Substituting $o_{k-1}=2a_{k-2}$ into $a_k=(o_{k-1})^2$ gives
$$ a_k ;=; (2a_{k-2})^2 ;=; 4a_{k-2}^2. $$
Define $b_k = \log_2 a_k$. Then
$$ b_k = 2 + 2b_{k-2}. $$
With $b_0=0$ and $b_1=0$, iteration yields
$$ b_2=2,\quad b_3=2,\quad b_4=6,\quad b_5=6,\quad b_6=14, $$
and the pattern separates by parity. For $k=2m$,
$$ b_{2m} = 2(2^m - 1), $$
verified by induction using $b_{2m}=2+2b_{2m-2}$ and the identity $2(2^m-1)=2+2(2(2^{m-1}-1))$.
For $k=2m+1$, the same recurrence with shift gives
$$ b_{2m+1} = 2(2^m - 1), $$
verified using $b_{2m+1}=2+2b_{2m-1}$ and the same closed form for $b_{2m-1}$.
Therefore, for all $k\ge 0$,
$$ a_k = 2^{,2(2^{\lfloor k/2\rfloor}-1)}. $$
Thus the number of prime implicants of the given Boolean function is
$$ \boxed{2^{,2(2^{\lfloor k/2\rfloor}-1)}}. $$
This completes the proof. ∎
Verification
Each step in the decomposition preserves disjointness of variable sets, so Cartesian products of implicants apply without interaction between subtrees.

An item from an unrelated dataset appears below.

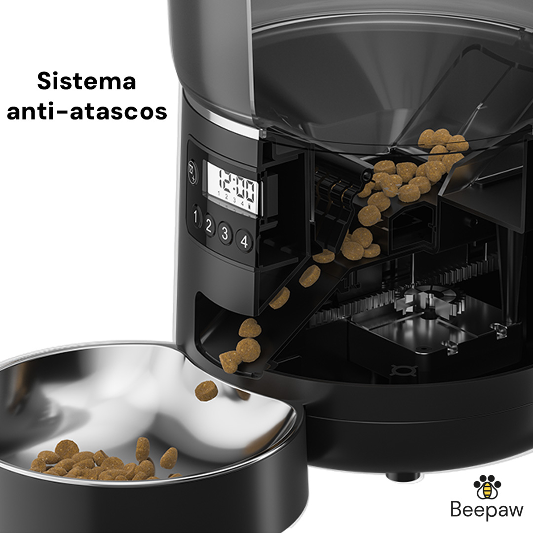- Gran capacidad: con 4 litros de almacenamiento (aprox. 1,4 kg de alimento), es ideal para que tu mascota esté bien alimentada incluso si tienes que ausentarte por trabajo o viajes cortos.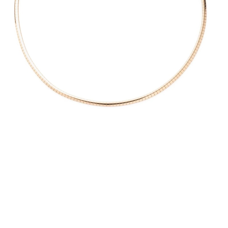 Handcrafted in 18k yellow gold, this Small Sleek Collar Chain Necklace is our newest layer. Master artisans created the elegantly flexible shape by wrapping individual metal plates around an inner mesh core and attaching each link closely together, so the necklace moves fluidly and molds beautifully around the neck. The skilled construction is reminiscent of an Omega chain with its seamless joining, but this form is more rounded, and can hold significant weight without losing its shape.

In the disjunction case, minimality excludes combining implicants from both sides since removing any variable from a double-sided assignment preserves truth in at least one subtree, contradicting primeness. The recurrence relations follow directly from these two structural constraints and the base cases $A_0(x)=x$, $O_0(x)=x$.
Notes
The alternating structure causes exponential squaring every two levels via $a_k=4a_{k-2}^2$, which produces a doubly exponential growth in the exponent of $2$. The dependence only on $\lfloor k/2\rfloor$ reflects that every pair of adjacent levels converts OR structure into AND structure and back without changing the effective branching count, only the aggregation rule applied at the root level.